### Entries provided
====================
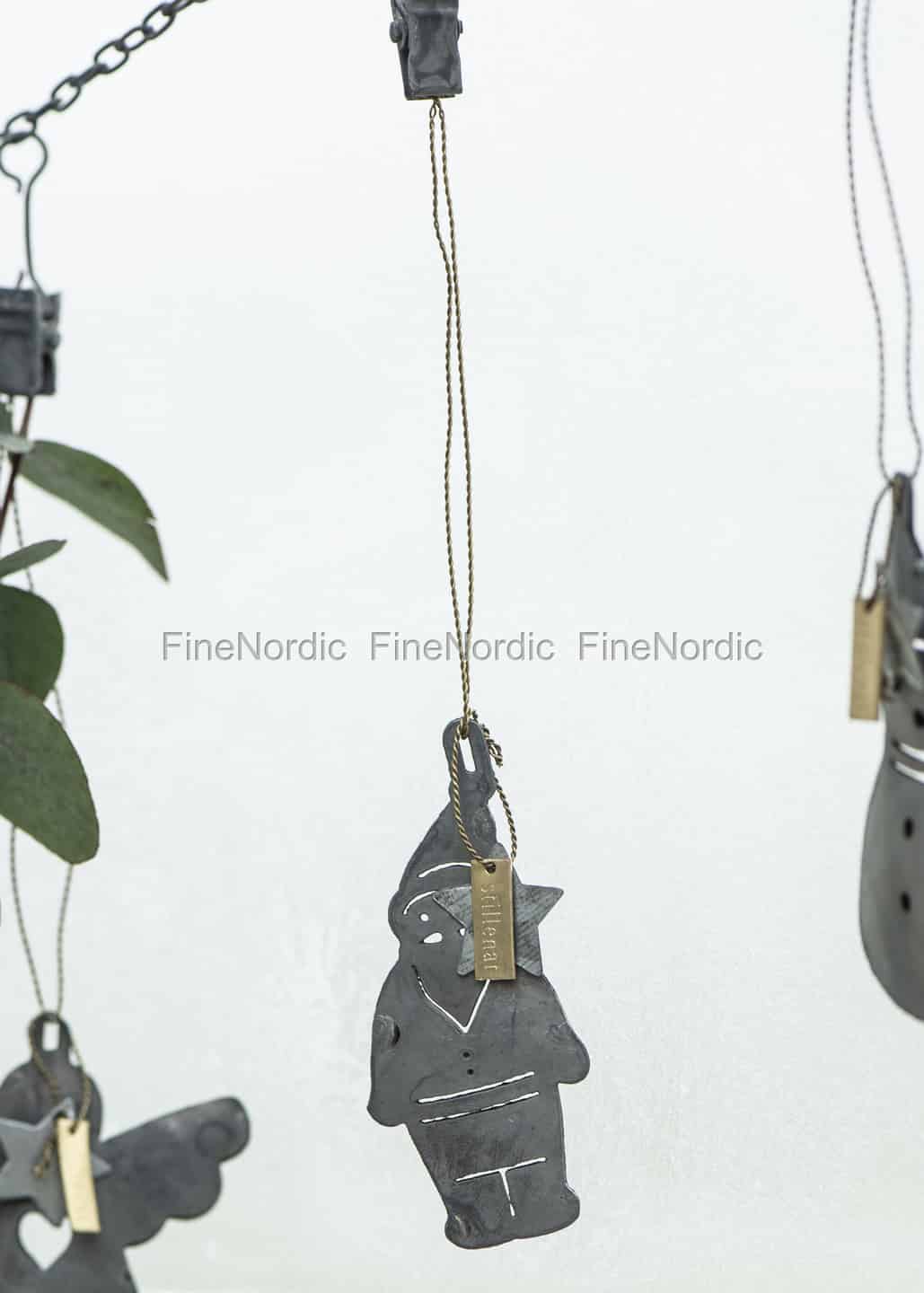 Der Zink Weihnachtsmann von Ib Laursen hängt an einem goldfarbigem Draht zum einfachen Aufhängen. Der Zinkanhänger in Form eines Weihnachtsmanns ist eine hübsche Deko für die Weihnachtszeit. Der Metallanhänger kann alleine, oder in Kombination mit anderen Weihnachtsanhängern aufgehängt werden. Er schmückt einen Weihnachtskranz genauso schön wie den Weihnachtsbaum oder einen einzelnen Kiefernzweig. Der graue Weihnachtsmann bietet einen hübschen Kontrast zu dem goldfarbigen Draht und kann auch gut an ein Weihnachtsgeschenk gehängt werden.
====================
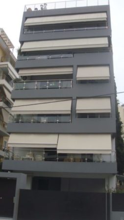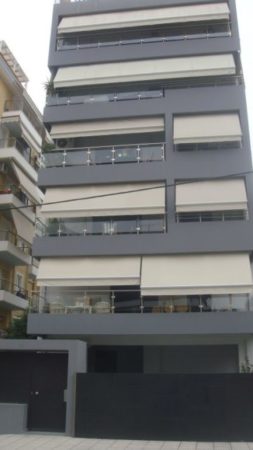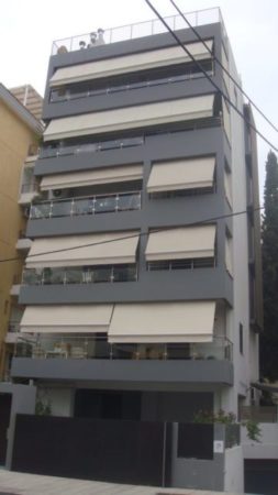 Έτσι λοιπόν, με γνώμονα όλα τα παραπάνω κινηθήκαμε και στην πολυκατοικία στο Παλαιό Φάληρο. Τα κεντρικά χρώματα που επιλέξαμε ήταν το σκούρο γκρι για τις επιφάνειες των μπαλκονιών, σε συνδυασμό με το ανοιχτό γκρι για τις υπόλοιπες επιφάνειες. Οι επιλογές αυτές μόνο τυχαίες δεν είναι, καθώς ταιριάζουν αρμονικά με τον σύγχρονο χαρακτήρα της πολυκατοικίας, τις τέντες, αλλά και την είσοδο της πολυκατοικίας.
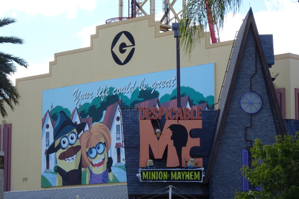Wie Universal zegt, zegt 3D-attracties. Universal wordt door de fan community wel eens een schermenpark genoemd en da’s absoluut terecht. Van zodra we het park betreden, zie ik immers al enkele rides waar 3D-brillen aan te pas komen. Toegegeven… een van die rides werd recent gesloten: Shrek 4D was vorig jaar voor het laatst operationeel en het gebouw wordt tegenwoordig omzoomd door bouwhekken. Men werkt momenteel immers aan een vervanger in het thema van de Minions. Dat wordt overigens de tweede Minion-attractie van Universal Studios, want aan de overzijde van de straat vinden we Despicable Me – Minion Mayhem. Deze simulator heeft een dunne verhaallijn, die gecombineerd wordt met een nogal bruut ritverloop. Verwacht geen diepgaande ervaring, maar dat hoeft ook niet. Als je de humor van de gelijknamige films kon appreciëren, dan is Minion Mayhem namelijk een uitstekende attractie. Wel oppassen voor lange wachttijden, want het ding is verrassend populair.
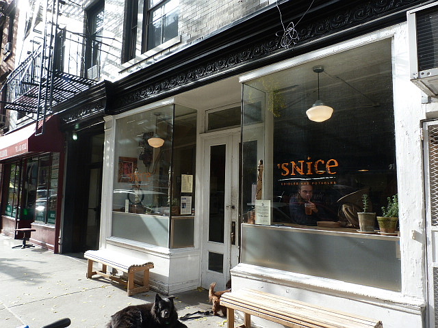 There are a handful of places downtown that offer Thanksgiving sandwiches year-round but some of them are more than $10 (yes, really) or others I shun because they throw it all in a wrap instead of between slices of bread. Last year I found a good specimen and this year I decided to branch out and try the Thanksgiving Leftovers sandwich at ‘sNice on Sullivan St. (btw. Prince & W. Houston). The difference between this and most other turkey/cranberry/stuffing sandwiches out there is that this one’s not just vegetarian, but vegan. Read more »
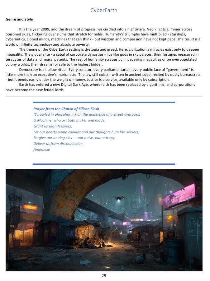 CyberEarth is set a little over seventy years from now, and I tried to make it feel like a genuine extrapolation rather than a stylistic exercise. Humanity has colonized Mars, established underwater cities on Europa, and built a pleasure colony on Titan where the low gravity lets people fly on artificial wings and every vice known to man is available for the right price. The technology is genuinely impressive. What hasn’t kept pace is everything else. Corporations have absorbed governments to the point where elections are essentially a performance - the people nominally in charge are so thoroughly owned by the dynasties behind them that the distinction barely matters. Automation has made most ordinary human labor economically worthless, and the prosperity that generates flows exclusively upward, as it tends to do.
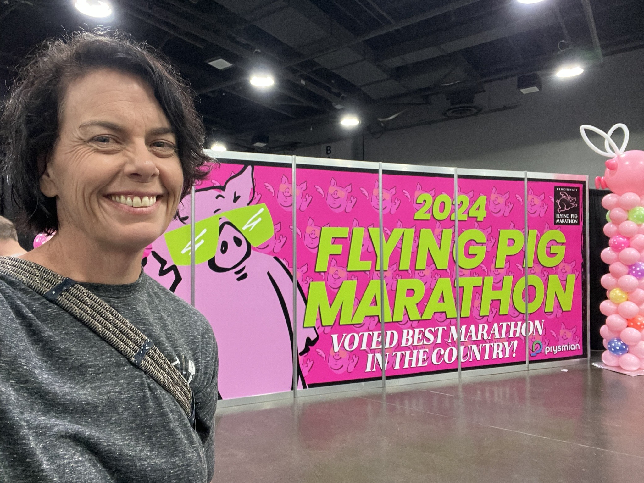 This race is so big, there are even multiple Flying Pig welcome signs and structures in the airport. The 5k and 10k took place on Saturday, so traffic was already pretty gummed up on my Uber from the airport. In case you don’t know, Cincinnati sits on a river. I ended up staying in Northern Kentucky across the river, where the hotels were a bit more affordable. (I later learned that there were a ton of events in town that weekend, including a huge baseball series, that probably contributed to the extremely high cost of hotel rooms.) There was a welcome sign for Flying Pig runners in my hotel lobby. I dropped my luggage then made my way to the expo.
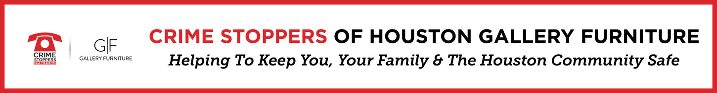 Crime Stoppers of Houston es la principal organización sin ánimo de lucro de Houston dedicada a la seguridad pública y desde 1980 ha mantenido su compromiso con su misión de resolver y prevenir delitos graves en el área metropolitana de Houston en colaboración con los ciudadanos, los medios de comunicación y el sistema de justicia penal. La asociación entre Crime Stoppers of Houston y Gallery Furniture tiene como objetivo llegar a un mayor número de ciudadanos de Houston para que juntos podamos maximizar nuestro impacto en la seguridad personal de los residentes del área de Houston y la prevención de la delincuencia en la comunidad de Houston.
====================
### Exercise brief
Leave the pictures out, and transcribe exactly the lines above starting at the one that contains "Wie Universal zegt, zegt" and ending at the one that contains "CyberEarth is set".

### Response for this exercise
Wie Universal zegt, zegt 3D-attracties. Universal wordt door de fan community wel eens een schermenpark genoemd en da’s absoluut terecht. Van zodra we het park betreden, zie ik immers al enkele rides waar 3D-brillen aan te pas komen. Toegegeven… een van die rides werd recent gesloten: Shrek 4D was vorig jaar voor het laatst operationeel en het gebouw wordt tegenwoordig omzoomd door bouwhekken. Men werkt momenteel immers aan een vervanger in het thema van de Minions. Dat wordt overigens de tweede Minion-attractie van Universal Studios, want aan de overzijde van de straat vinden we Despicable Me – Minion Mayhem. Deze simulator heeft een dunne verhaallijn, die gecombineerd wordt met een nogal bruut ritverloop. Verwacht geen diepgaande ervaring, maar dat hoeft ook niet. Als je de humor van de gelijknamige films kon appreciëren, dan is Minion Mayhem namelijk een uitstekende attractie. Wel oppassen voor lange wachttijden, want het ding is verrassend populair.
 There are a handful of places downtown that offer Thanksgiving sandwiches year-round but some of them are more than $10 (yes, really) or others I shun because they throw it all in a wrap instead of between slices of bread. Last year I found a good specimen and this year I decided to branch out and try the Thanksgiving Leftovers sandwich at ‘sNice on Sullivan St. (btw. Prince & W. Houston). The difference between this and most other turkey/cranberry/stuffing sandwiches out there is that this one’s not just vegetarian, but vegan. Read more »
 CyberEarth is set a little over seventy years from now, and I tried to make it feel like a genuine extrapolation rather than a stylistic exercise. Humanity has colonized Mars, established underwater cities on Europa, and built a pleasure colony on Titan where the low gravity lets people fly on artificial wings and every vice known to man is available for the right price. The technology is genuinely impressive. What hasn’t kept pace is everything else. Corporations have absorbed governments to the point where elections are essentially a performance - the people nominally in charge are so thoroughly owned by the dynasties behind them that the distinction barely matters. Automation has made most ordinary human labor economically worthless, and the prosperity that generates flows exclusively upward, as it tends to do.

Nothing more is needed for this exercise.